Последний Иван. Неизданное. Часть 3

Бронзовый бюст Ивана Дроздова в Литераторском зале Главного музея Великой Отечественной войны на Поклонной горе в Москве.

 

 

 

 

 

 

- Иван Владимирович, все-таки расскажите немного о своей батареи. Сколько было человек? Национальный состав? По возрасту предпочтение отдавали молодым? Почему все-таки поставили вас как молодого и доверили такое важное дело?

- На это я вам скажу просто. Этот вопрос у многих возникает: в чем дело, почему молодежь такая была во главе подразделений больших? Все дело в том, что мы кончали училище.

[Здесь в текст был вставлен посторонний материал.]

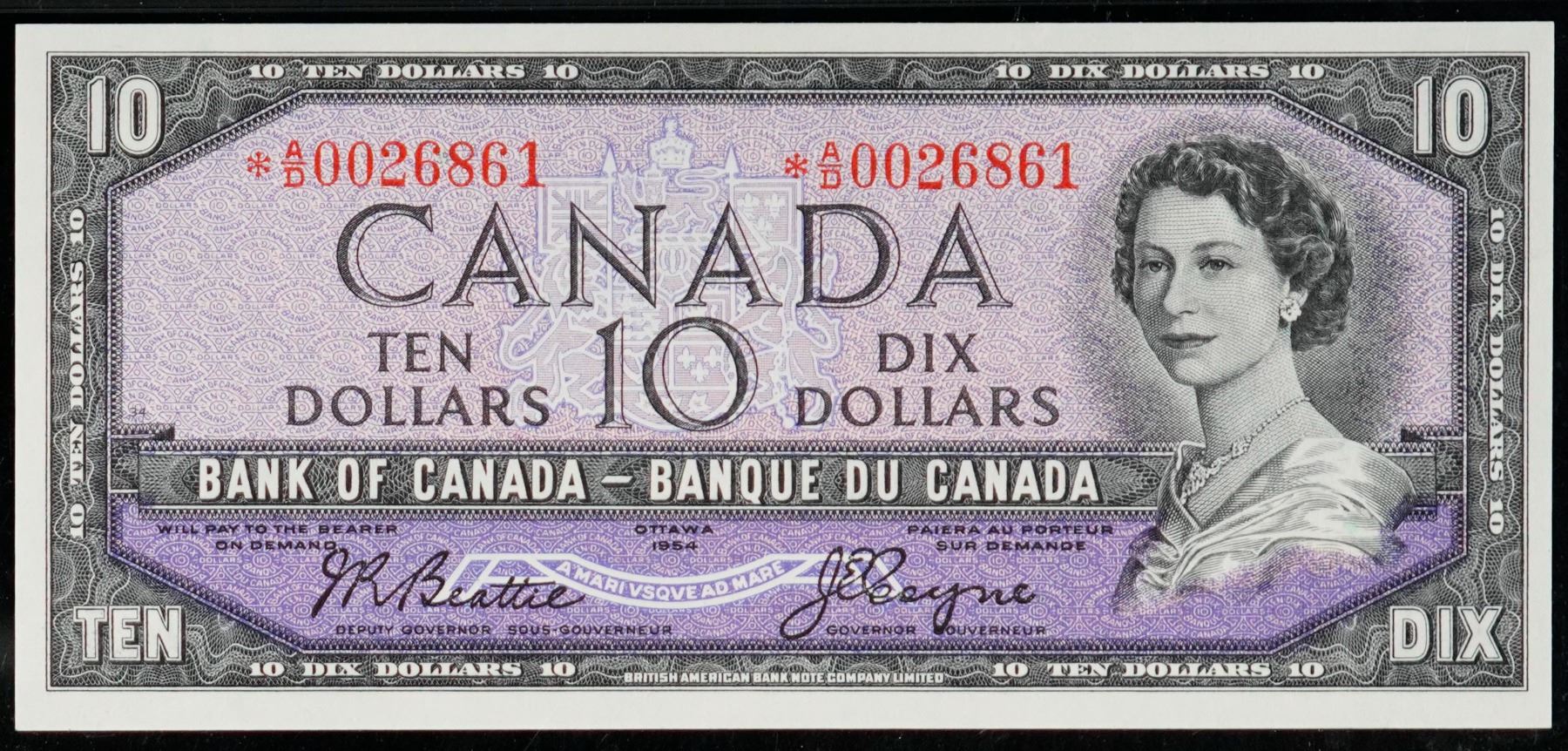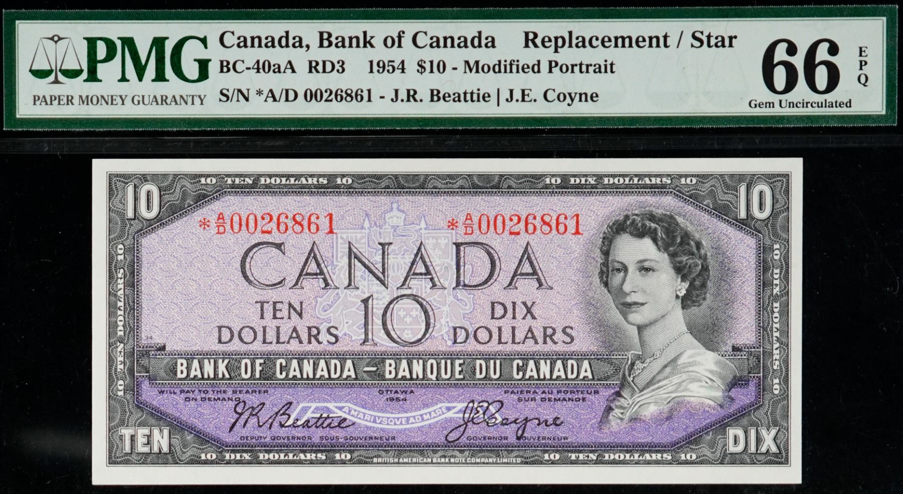 1954 $10 BC-40aA #*AD0026861, PMG Superb Gem Uncirculated-66EPQ. A superb example with great centering and exceptional paper quality.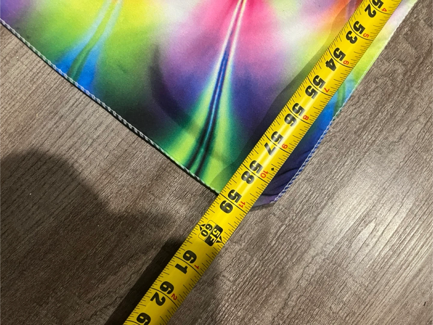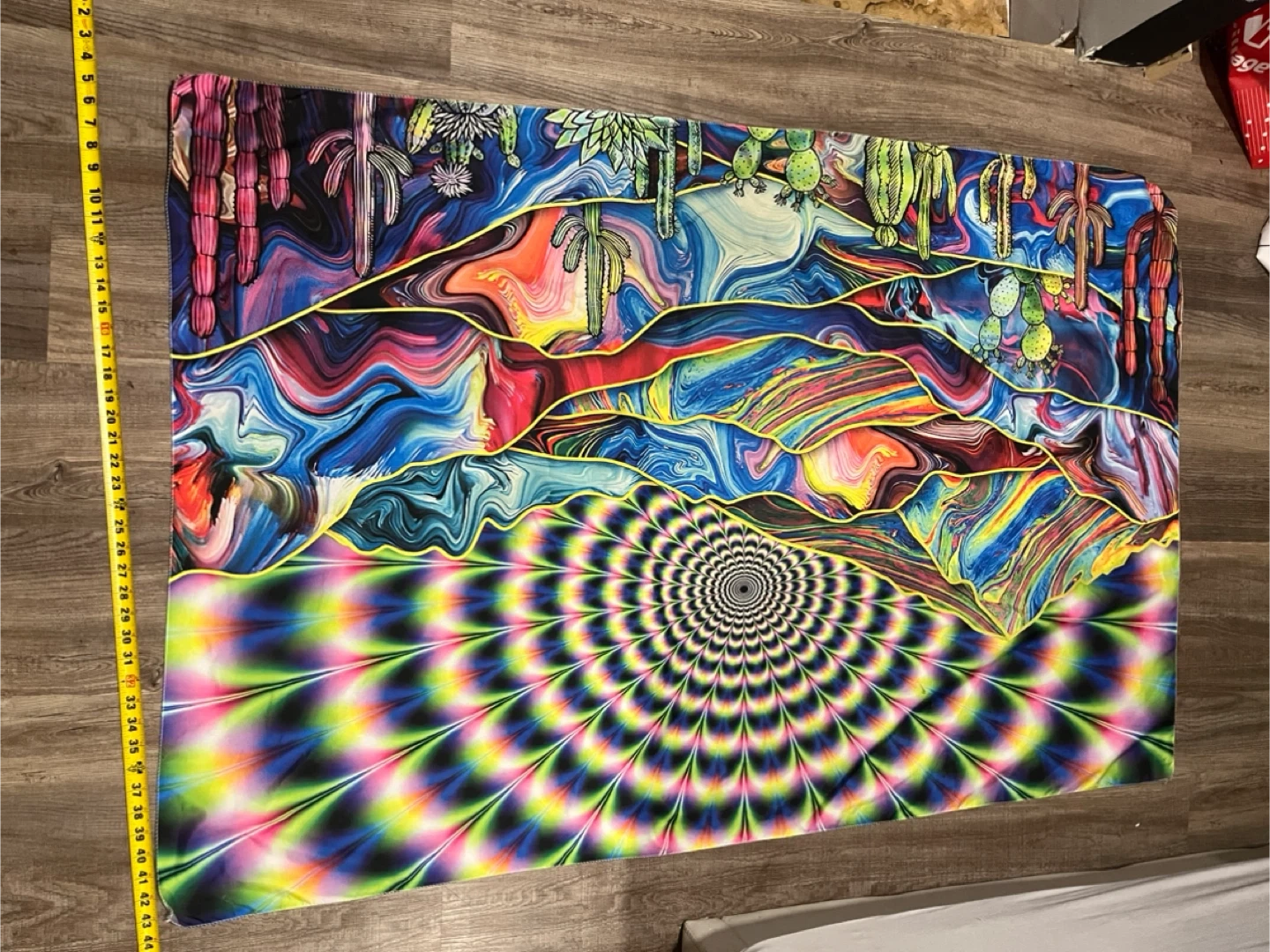 This vibrant tapestry is sure to add a pop of colour to any room! It features a unique and eye-catching design. The tapestry measures approximately 60 inches by 44 inches, making it a great size for a wall hanging or even a throw blanket

Мы могли командовать этой батареей, не только, значит, воспитывать юношей. Мы могли давать расчеты при стрельбе. Кто же ещё их мог давать? Вот, я был в начале командиром взвода. Во время боя большого не видел, как приехал командир полка. Он зарылся в мой окоп, а я стою посреди, причем, как правило, я стоял без каски.

- А почему?

- Не потому что я такой смелый, а потому что, когда командир батареи стоит посредине без каски и командует, вся батарея работает. Стоит командиру батареи пройти туда-сюда, как все зашевелились. Боятся, страх ведь…

- Люди боятся?

- Люди боятся, потому что снаряды рвутся, осколки свистят, с самолетов бьют пулеметы, бомбы. Все же ведь горит… Батарея фронтовая, все же на охране города стоит, понимаете. И вот, я командую батареей, а командир полка у дальномерщицы спрашивает: «А где командир батареи?» А она говорит: « На связи». Но какая связь, когда такой бой! А он в землянке, где рации там и прочее, чтобы его не задело. Ну, он, когда кончился бой, ничего не сказал. Приехал в полк и отдал пакет: ему сдать батарею, мне принять. Ему 36 лет было, мне – 20. Он видел: я даю расчёты, стою, понимаете? Вот поэтому такие молодые были командиры батареи. Кстати говоря, деталь интересная, командир дальномерного отделения была Нина Абросимова. Она была дочка командующего артиллерией фронта, генерал-лейтенанта Абросимова.

- Это у вас на батарее?

- Это у нас на батарее. Командир полка часто приезжал посмотреть, как она, не обижают ли.

- У вас и женщины были?

- 32 женщины. Да. Вот вы говорите, что такое батарея? Батарея – это все специалисты, одни наводчики, другие заряжающие, третьи у нас на приборе. Например, на приборе управления зенитным огнем ПУАЗ О - 3, на нем работало 12 женщин, на длинномерном отделении 4 женщины и на других. Вот когда кончался бой, я, прежде всего, шел к девчатам. Они все по 17 по 18 лет. Я иду к девчатам… Если это был тяжелый бой, они все плачут, платочками утирают слёзы.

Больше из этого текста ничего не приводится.